The leafdevice virtual machine needs a copy of the root CA certificate you created on the edgegateway virtual machine. Copy the /home/AzureUser/certs/certs/azure-iot-test-only.root.ca.cert.pem file from the edgegateway virtual machine to your home directory on the leafdevice virtual machine. You can use the scp command to copy files between Linux virtual machines. For example, from the leafdevice machine:

scp AzureUser@edgegateway:/home/AzureUser/certs/certs/azure-iot-test-only.root.ca.cert.pem .

To learn how to check the connection from the downstream device to the gateway, see Test the gateway connection.

To run the thermostat simulator on the leafdevice virtual machine:

  1. Use SSH to connect to and sign in on your leafdevice virtual machine.

  2. Download the Python sample to your home directory:

    cd ~
    wget https://raw.githubusercontent.com/Azure-Samples/iot-central-docs-samples/main/transparent-gateway-1-4/simple_thermostat.py
    
  3. Install the Azure IoT device Python module:

    sudo apt update
    sudo apt install python3-pip
    pip3 install azure.iot.device
    
  4. Set the environment variables to configure the sample. Replace {your device shared key} with the primary key of the thermostat1 you made a note of previously.

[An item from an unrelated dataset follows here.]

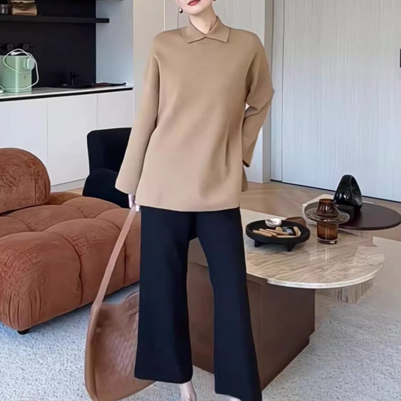 ▶︎女性らしい印象に仕上げた襟付きニット。

These variables assume the name of the gateway virtual machine is edgegateway and the ID of the thermostat device is thermostat1:

    export IOTHUB_DEVICE_SECURITY_TYPE=connectionString
    export IOTHUB_DEVICE_CONNECTION_STRING="HostName=edgegateway;DeviceId=thermostat1;SharedAccessKey={your device shared key}"
    export IOTEDGE_ROOT_CA_CERT_PATH=~/azure-iot-test-only.root.ca.cert.pem
    

    Notice how the connection string uses the name of the gateway device and not the name of an IoT hub.

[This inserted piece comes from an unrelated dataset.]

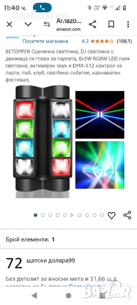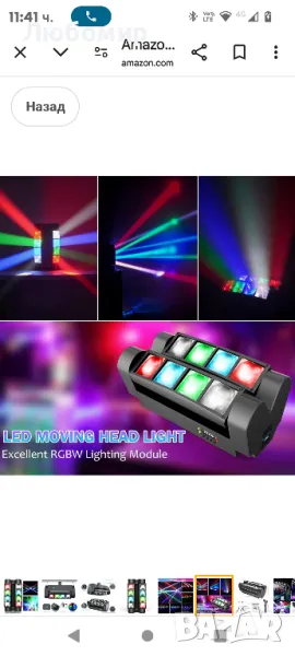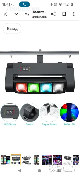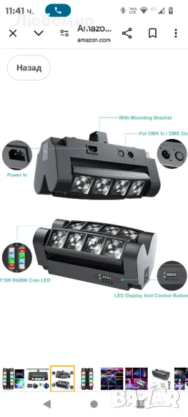 BETOPPER Сценична светлина, DJ светлина с движеща се глава за партита, 8x3W RGBW LED паяк светлина, активиран звук и DMX-512 контрол за парти, пъб, клуб, сватбено събитие, карнавален фестивал,Ъгъл на оста XY: 540 градуса, Y1: 120 градуса, Y2: 120 градуса, 8 магически лъча, всеки лъч може не само да създаде ефекта на преследваща светлина, но и да продължи да се люлее. LED светлината гарантира широка гама от проекти. С ефекта на сценичен дим/мъгла ефектът на лъча е по-забележим.Източник на светлина: Тази светлина има 8 LED светлинни перли с RGBW 4 в 1 червено, зелено, синьо и бяло, цветът може свободно да се променя и комбинира, за да донесе красиви визуални ефекти. Може да работи добре с високоговорителя, за да създаде зашеметяващ сценичен светлинен ефект.Тази движеща се сценична светлина поддържа 4 режима. 1. Автоматичен режим; 2. Активиран звук (вграден HD микрофон, стилът на осветяване се променя автоматично с музиката, ако реакцията на светлината не е чувствителна в режим на активиран звук, моля, регулирайте чувствителността сами); 3. Master-slave (синхронна работа на множество светлини); 4. DMX512.Лесен за използване: Движещата се глава на LED сценичните светлини може лесно да се управлява с бутони на контролния панел или DMX контролер. Може да се използва отделно или комбинирано за създаване на прекрасни сценични светлинни ефекти с разнообразие от различни светлини, перфектно осветление за партита, дискотеки, барове, клубове, бални зали, караоке вечери, семейно мазе, представления на живо, KTV, сватбена церемония и др.

  5. To run the code, use the following command:

    python3 simple_thermostat.py
    

    The output from this command looks like:

    Connecting using Connection String HostName=edgegateway;DeviceId=thermostat1;SharedAccessKey={your device shared key}
    Listening for command requests and property updates
    Press Q to quit
    Sending telemetry for temperature
    Sent message
    Sent message
    Sent message
    ...
    

    Tip

    If you see an error when the downstream device tries to connect. Try re-running the device provisioning steps.

  6. To see the telemetry in IoT Central, navigate to the Overview page for the thermostat1 device:

    Screenshot showing telemetry from the downstream device.

    On the About page you can view property values sent from the downstream device, and on the Command page you can call commands on the downstream device.